Data section:

•••

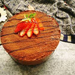 8.Pour part of the mousse paste until it does not cover the surface of the cake
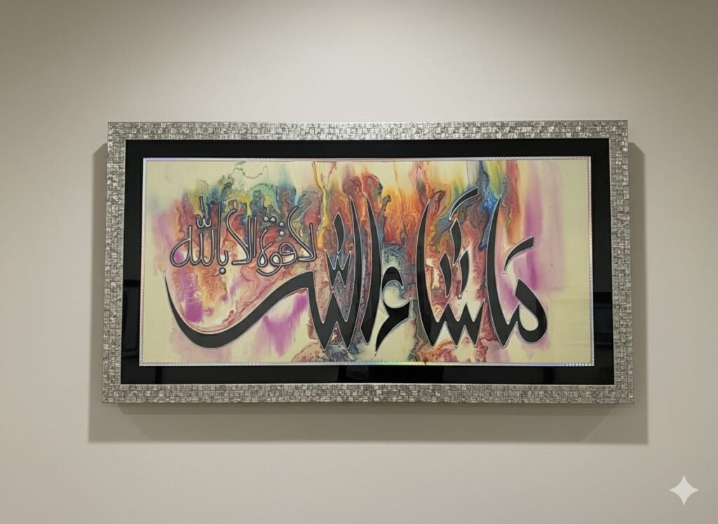 Our journey began with a simple idea: to help people bring peace and purpose into their homes through art that speaks to the heart. Every piece we create — from elegant Arabic calligraphy to powerful Qur’anic verses — is designed to uplift your space and your soul.
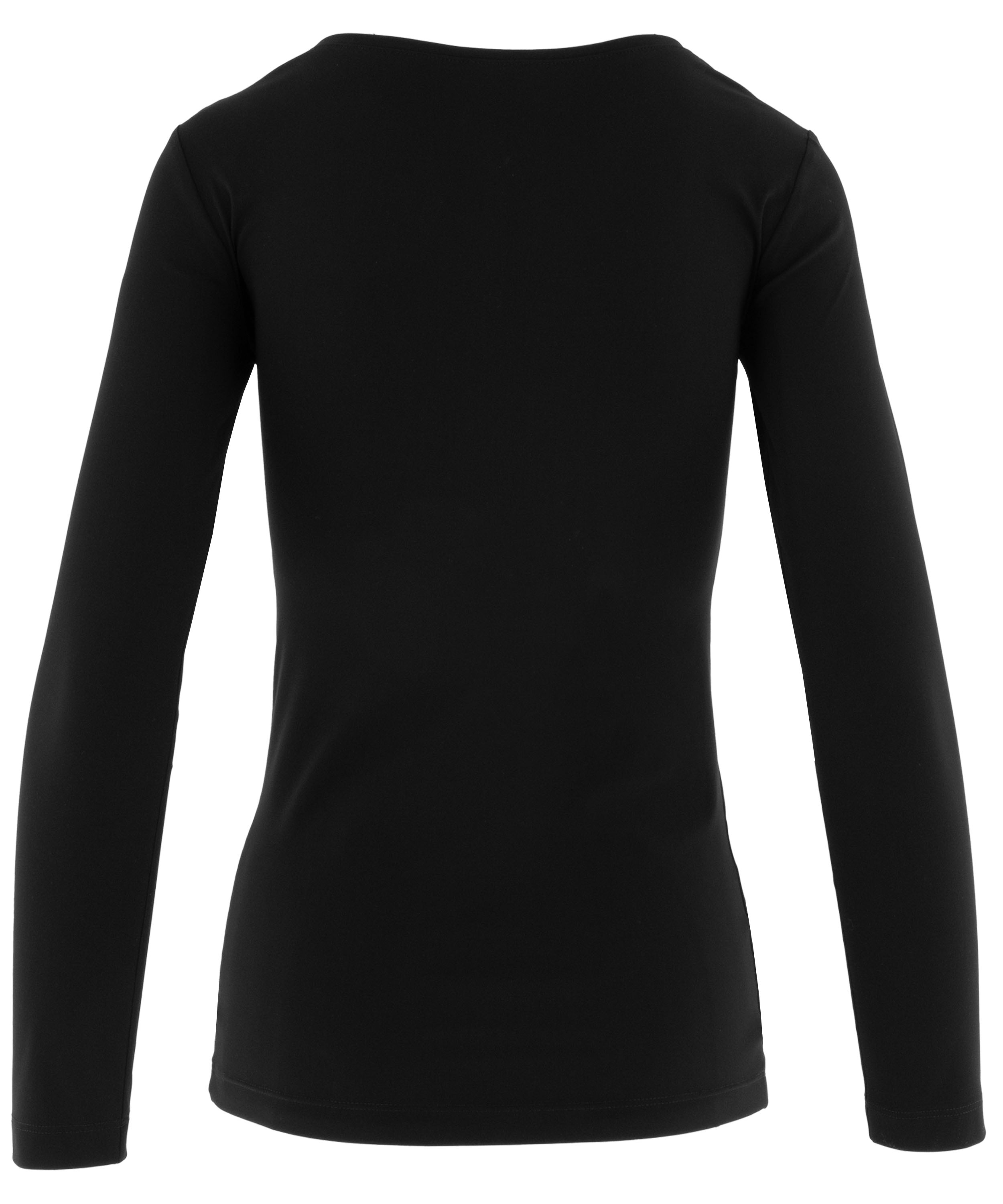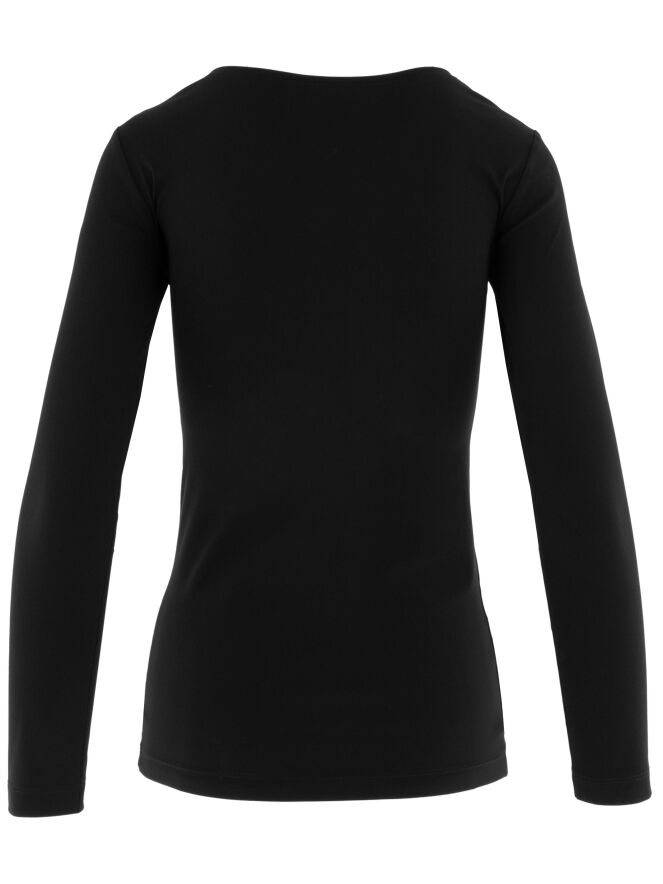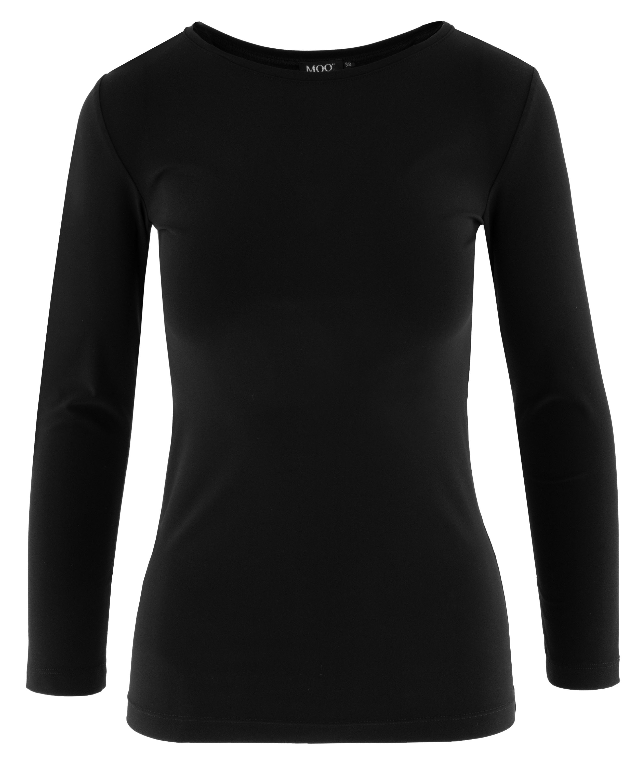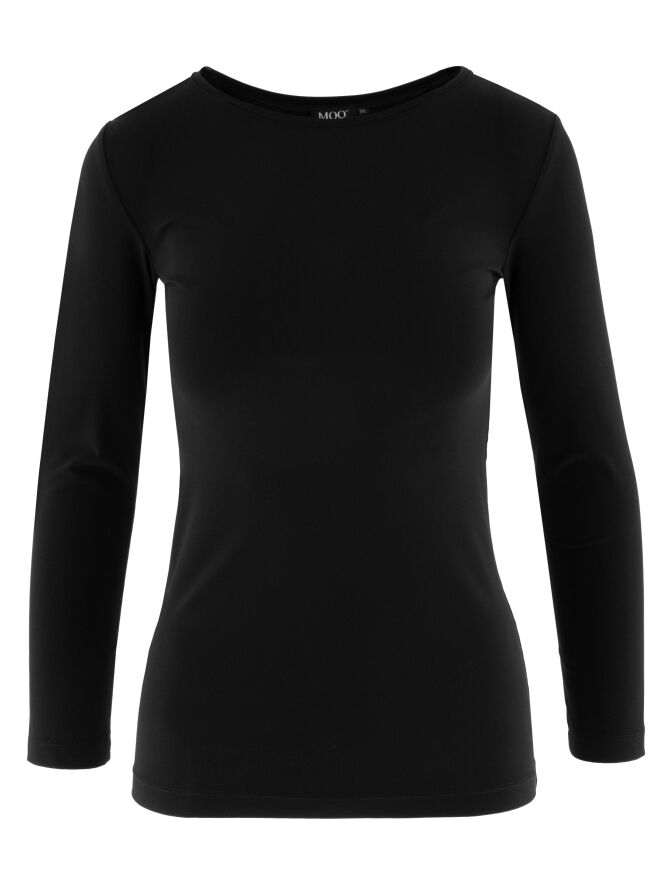 Shirt van Moq in de kleur zwart. Het shirt heeft een ronde hals en lange mouwen en is licht getailleerd gesneden, wat zorgt voor een subtiel vrouwelijke pasvorm. Dit veelzijdige shirt kan op 40 graden worden gewassen.
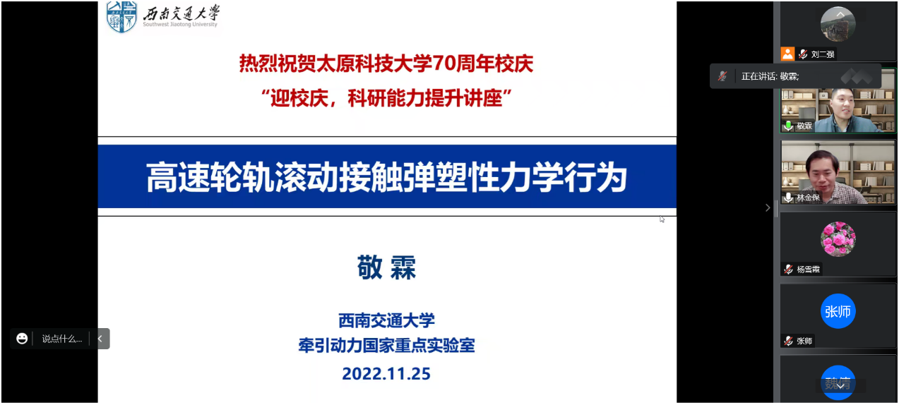 2022年11月25日,pp电子游戏平台官网应用科学学院成功举办“迎校庆,科研能力提升系列讲座”专题报告会。报告会由pp电子游戏平台官网党委宣传部、科学技术研究院主办,应用科学学院承办,邀请到西南交通大学牵引动力国家重点实验室国家优秀青年基金获得者敬霖研究员在线上作了题为《高速轮轨滚动接触弹塑性力学行为》的精彩学术报告。

•••

Only the words belong in your copy: restate the data above exactly and leave the images out.

Written solution:
 8.Pour part of the mousse paste until it does not cover the surface of the cake
 Our journey began with a simple idea: to help people bring peace and purpose into their homes through art that speaks to the heart. Every piece we create — from elegant Arabic calligraphy to powerful Qur’anic verses — is designed to uplift your space and your soul.
 Shirt van Moq in de kleur zwart. Het shirt heeft een ronde hals en lange mouwen en is licht getailleerd gesneden, wat zorgt voor een subtiel vrouwelijke pasvorm. Dit veelzijdige shirt kan op 40 graden worden gewassen.
 2022年11月25日,pp电子游戏平台官网应用科学学院成功举办“迎校庆,科研能力提升系列讲座”专题报告会。报告会由pp电子游戏平台官网党委宣传部、科学技术研究院主办,应用科学学院承办,邀请到西南交通大学牵引动力国家重点实验室国家优秀青年基金获得者敬霖研究员在线上作了题为《高速轮轨滚动接触弹塑性力学行为》的精彩学术报告。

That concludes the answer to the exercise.